Small Area Estimation

Motivation:

Small area estimation is important in light of a continual demand by data users for finer geographic and demographic detail of published statistics and for various subpopulations. Traditional demographic and economic sample surveys designed for national estimates do not provide large enough samples to produce reliable direct estimates for smaller areas such as counties and even most states. The use of valid statistical models, along with the availability of suitable auxiliary data, can provide small area estimates with greater precision; however, bias due to an incorrect model or failure to account for informative sampling can result.

 

Research Problems:

·   Development of models that combine data across multiple sample surveys or combines survey and observational data (non-probability samples) to improve survey estimates.

·   Development of model diagnostic and model comparison tools for small area models.

·   Development of small area share models for subareas estimates (e.g., school districts or tracts).

·   Development of temporal small area estimation techniques.

·   Development of spatial small area estimation techniques.

·   Development of more robust estimates of mean squared error of prediction by incorporating Bayesian and bootstrap methods.

·   Development of area-level models to jointly estimate the survey mean and variance.

·   Development of models combining both small geographic areas crossed with small demographic subgroups.

 

Current Subprojects:

·   Bootstrap Mean Squared Error Estimation for Small Area Means under Non-normal Random Effects (Datta, Irimata, Maples)

·   Bayesian Hierarchical Spatial Models for Small Area Estimation (Datta, Janicki, Maples)

·   Construction of Joint Credible Set of Ranks of Small Area Means (Datta, Maples)

·   Developing Correlated Small Area Share Models to Create Estimates of School District Child Poverty and Population (Maples)

·   Developing Geographically Weighted Methods to Assess the Assumption of Constant Parameter Values Across All Domains (Maples, Dompreh)

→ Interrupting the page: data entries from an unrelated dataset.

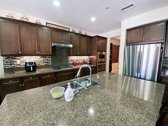 Avaliable on August 1ST BEAUTIFUL HOME in Highly Desirable HERITAGE LAKES in MENIFEE 5 Bedrooms, 3 Full Baths, 2711 Sq. Ft., 3 Car Tandem Garage located in the amazing Heritage Lakes with a 25 Acre Lake, 2 swimming Pools, Splash Park, Community Dock for Paddle Boarding, Fishing, Clubhouse & Tot Lots. You will love this open concept Floorplan with a Huge Kitchen with Island, Wine Refrigerator, Granite Counters, Stainless Steel Appliances & Water Softener overlooking the spacious Family Room and Backyard. There is a Downstairs Bedroom, Full Bath & Office, making it a perfect place for guests or an office room. The upstairs has a large Master Suite overlooking the Backyard, two separate walk-in Closets, Double Sinks, a Walk-In shower, and a separate soaking tub. There are 3 additional spacious bedrooms upstairs and a Laundry Room. The Garage is fully finished with Beautiful Floors and 3 car tandem garage. This home has lots of upgrades, including a Surveillance System too. You will love this large backyard with a Built-In Covered Patio, tons of room to entertain, and plenty of room to build a Pool, Spa, or anything you can Dream Up. No showing untill August 1ST.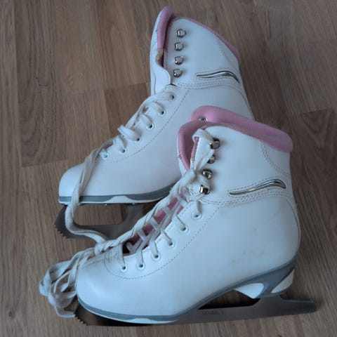 Kunstskøyter i hvit farge i barnestørrelse 37. Klassisk modell med høyt skaft og snøring foran for god støtte rundt ankel. Skøytene har fastmontert skøytestål med hæl og tåparti tilpasset kunstløp og annen skøytebruk. Egnet for barn som trenger stabile skøyter til lek og trening på is.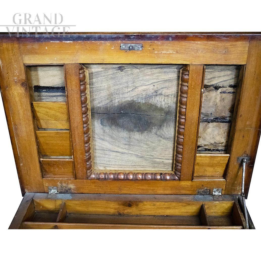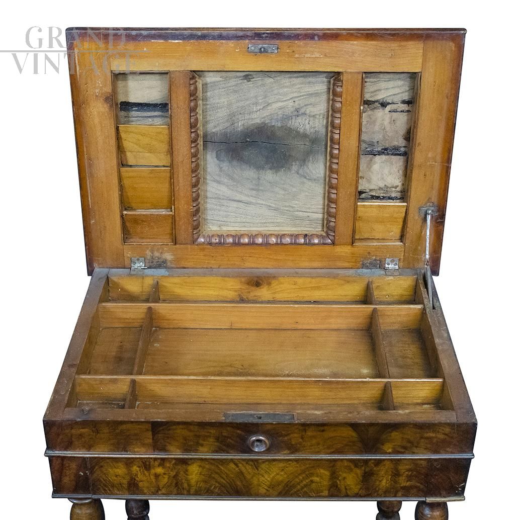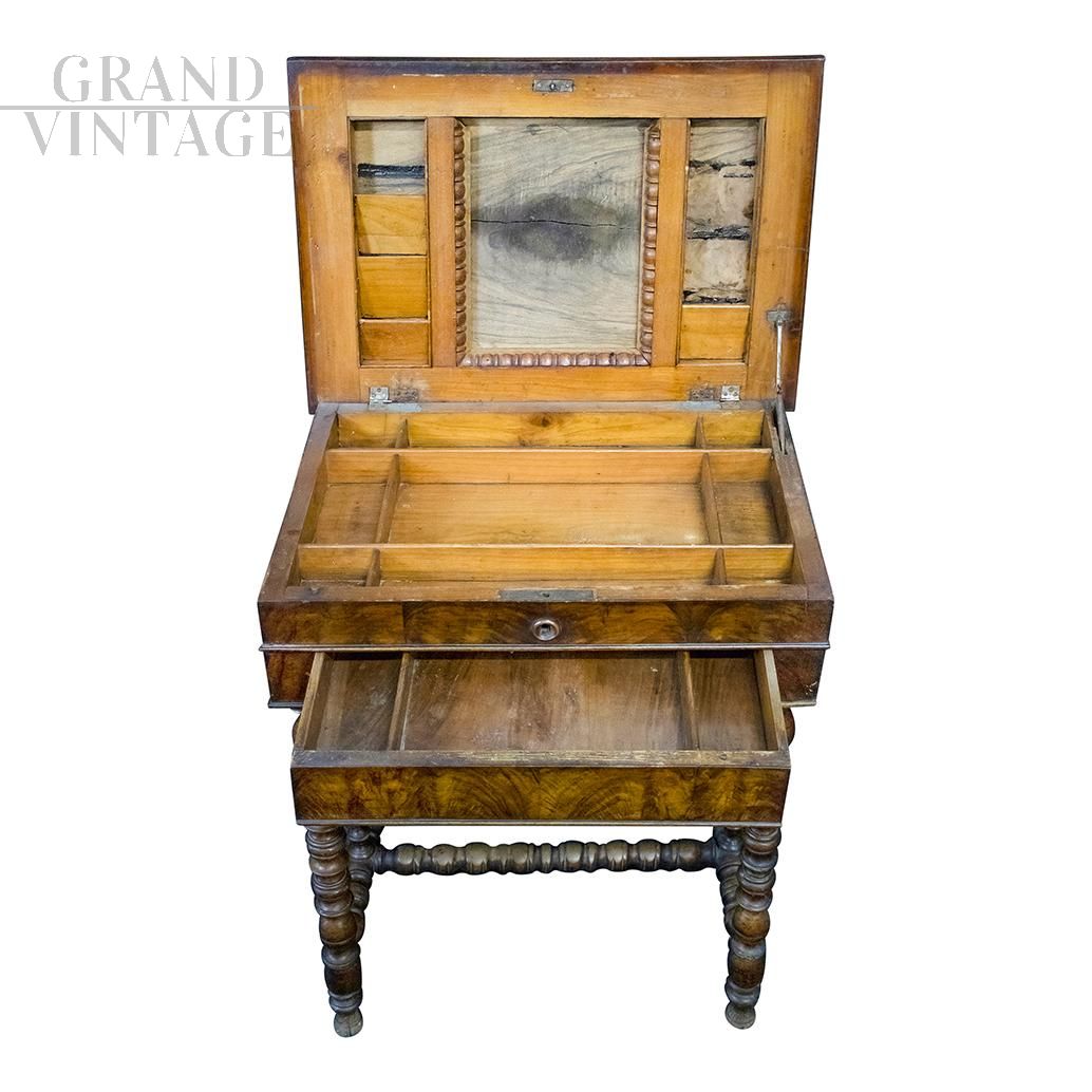 Tavolino da lavoro originale del XIX Secolo, realizzato in legno massello con lavorazioni ad intaglio sul perimetro del piano a ribalta e sugli elementi di appoggio. Il vano contenitore, chiuso dal piano di lavoro, presenta delle partizioni interne; al di sotto di questo vano è collocato un cassetto frontale anch'esso con partizioni interne.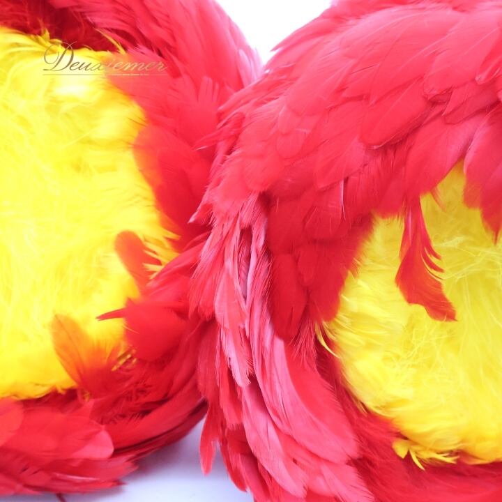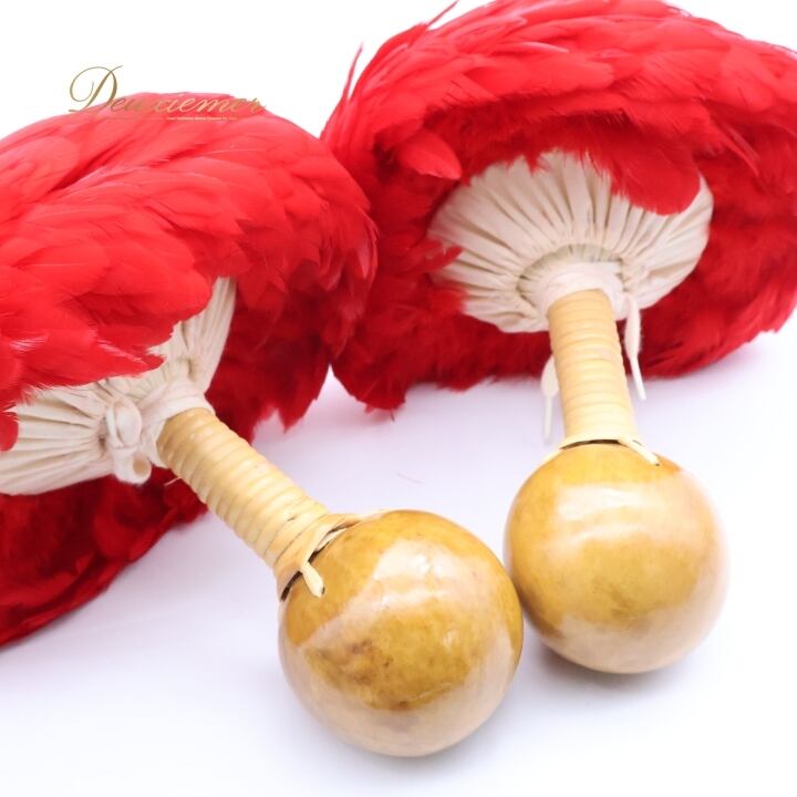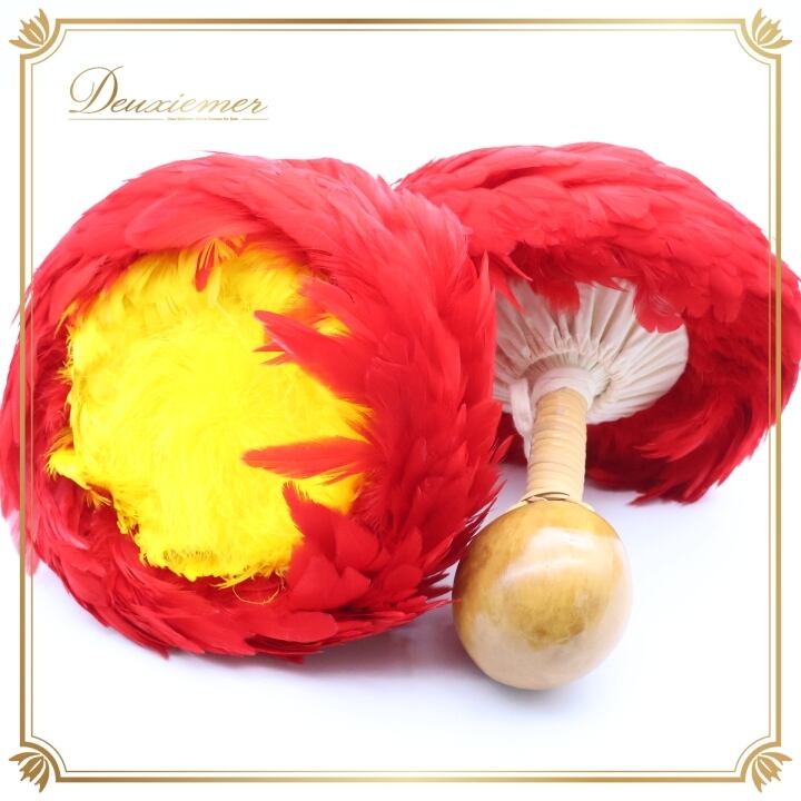 フラダンス ウリウリ マラカス 小物 小道具 楽器 レッド系 赤 イエロー系 黄色 分離型 民族舞踊 タヒチアン ダンス 羽 ファー ケース付き 民族楽器 フラダンス用品 踊り タヒチアンダンス ダンス小物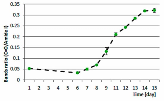Spectroscopic tests were performed using a spectrophotometer FTIR Tensor II (Bruker, Karlsruhe, Germany) with an attenuated total reflectance (ATR) accessory with a diamond crystal. Equal volume (30 mL) of each sample was filtered on 0.4 µm PC filters (Whatman) and dried at 60 °C for 12 h. Samples were placed in the sampling accessory obtaining the best contact with the crystal. The approximate total time required for spectral collection was 5 min. All spectra were recorded within a range of 4000–800 cm−1 with a 4 cm−1 resolution. Each spectrum was calculated as the average of 40 scans and subjected to background subtraction. Analyses were carried out in triplicates. ATR spectra taken in different growth phases were compared according to the following: Base line of all spectra is corrected by means of Opus Spectroscopy Software 7.5, the absorption values of the absorption bands (v C=O and Amid I) are read. The proportion of v C=O and Amid1 are used as representative bands for lipids and proteins, respectively. The ratio between the two absorption bands is indicative of the biochemical composition changes and relationships between the molecule classes [].

·   Development of Tract by Demographic Population Estimates for Non-census Years Using Census, ACS and Demographic Frame Data (Maples, Mule (R&M), Basel (SEHSD), Holan (R&M))

·   Development of Small Area Models for Establishment Surveys for Employment and Receipts. (Aleshin-Guendel, Maples, Datta, Janicki, Kaputa (ESMD), Maison (EMD)

·   Variance Estimation and Modeling for Privacy-Protected Redistricting Data (Irimata)

 

Potential Applications:

·   Model diagnostic and comparison tools can be applied in any small area application, from SAIPE to SAHIE, to small area models applied to SIPP, AHS, etc.

·   Temporal extensions of small area models will be potentially useful for population estimates in sub-county areas in non-census years.

·   Small area share models may be a replacement to the current for the current school district estimates procedures for SAIPE.

·   Spatial small area models can improve estimates and provide limited disclosure avoidance for some of the ACS special tabulations.

·   Small area models to estimate employment and receipts using data from the new AIES (Annual Integrated Economic Survey) at the state by NAICS-3 level.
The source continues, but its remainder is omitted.